* **Input data**
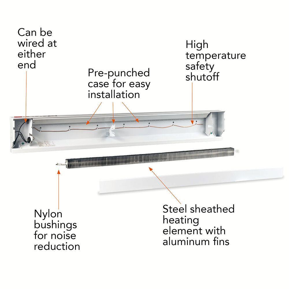 The Cadet Electric Baseboard Heater utilizes convection heat to provide efficient warmth. The quiet operation, and low cost installation make it a perfect choice for a bedroom or any area of your home that requires additional warmth. Designed for ease of installation with pre-punched mounting holes, this hardwired heater can be wired at either end. Rugged U.S.A. steel construction with powder coated white paint for a durable, premium finish. A thermostat is required and sold separately.
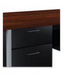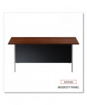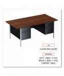 Solid and stable desk with square edge, laminated top that is scratch- and stain-resistant. Built with a durable, powder-coated steel frame with 1" square, tubular steel legs. Includes a full extension, locking file drawer with telescoping ball bearing slides to accommodate hanging file folders. Box drawer operates on steel roller suspensions. Center drawer lock secures all drawers. Aluminum drawer handles. Three-quarter height modesty panel provides privacy. Leveling glides adjust for uneven floors.
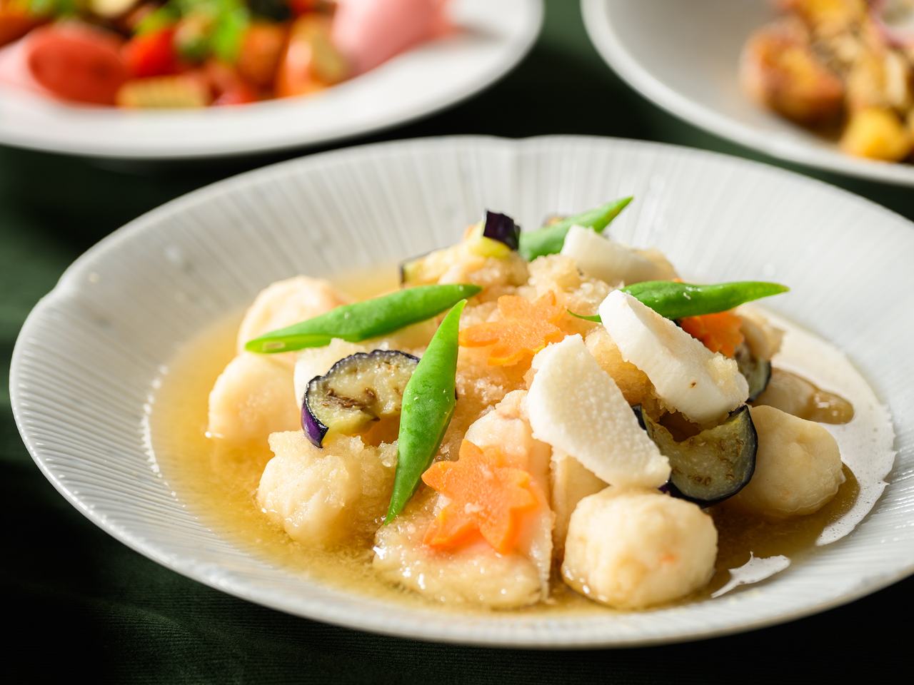 ・鮟鱇と海老つみれのみぞれ八方蒸し紫蘇味噌添え
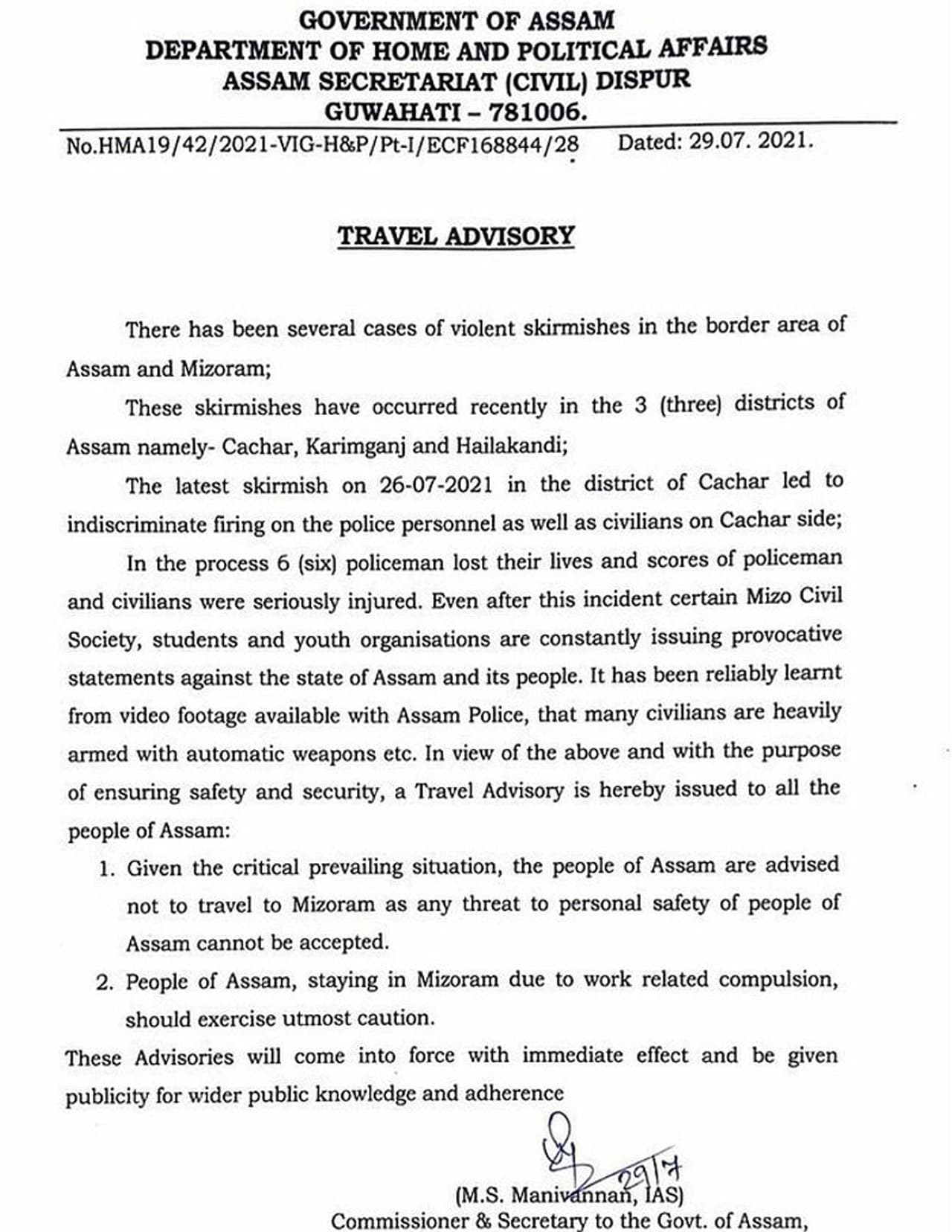 The advisory, signed by state Home Secretary MS Manivannan, noted that some Mizo civil society, student and youth organisations have been issuing provocative statements against Assam and its people.

* **Assigned task**
Repeat all of the listing above word for word, and exclude the pictures.

* **Exercise output**
 The Cadet Electric Baseboard Heater utilizes convection heat to provide efficient warmth. The quiet operation, and low cost installation make it a perfect choice for a bedroom or any area of your home that requires additional warmth. Designed for ease of installation with pre-punched mounting holes, this hardwired heater can be wired at either end. Rugged U.S.A. steel construction with powder coated white paint for a durable, premium finish. A thermostat is required and sold separately.
 Solid and stable desk with square edge, laminated top that is scratch- and stain-resistant. Built with a durable, powder-coated steel frame with 1" square, tubular steel legs. Includes a full extension, locking file drawer with telescoping ball bearing slides to accommodate hanging file folders. Box drawer operates on steel roller suspensions. Center drawer lock secures all drawers. Aluminum drawer handles. Three-quarter height modesty panel provides privacy. Leveling glides adjust for uneven floors.
 ・鮟鱇と海老つみれのみぞれ八方蒸し紫蘇味噌添え
 The advisory, signed by state Home Secretary MS Manivannan, noted that some Mizo civil society, student and youth organisations have been issuing provocative statements against Assam and its people.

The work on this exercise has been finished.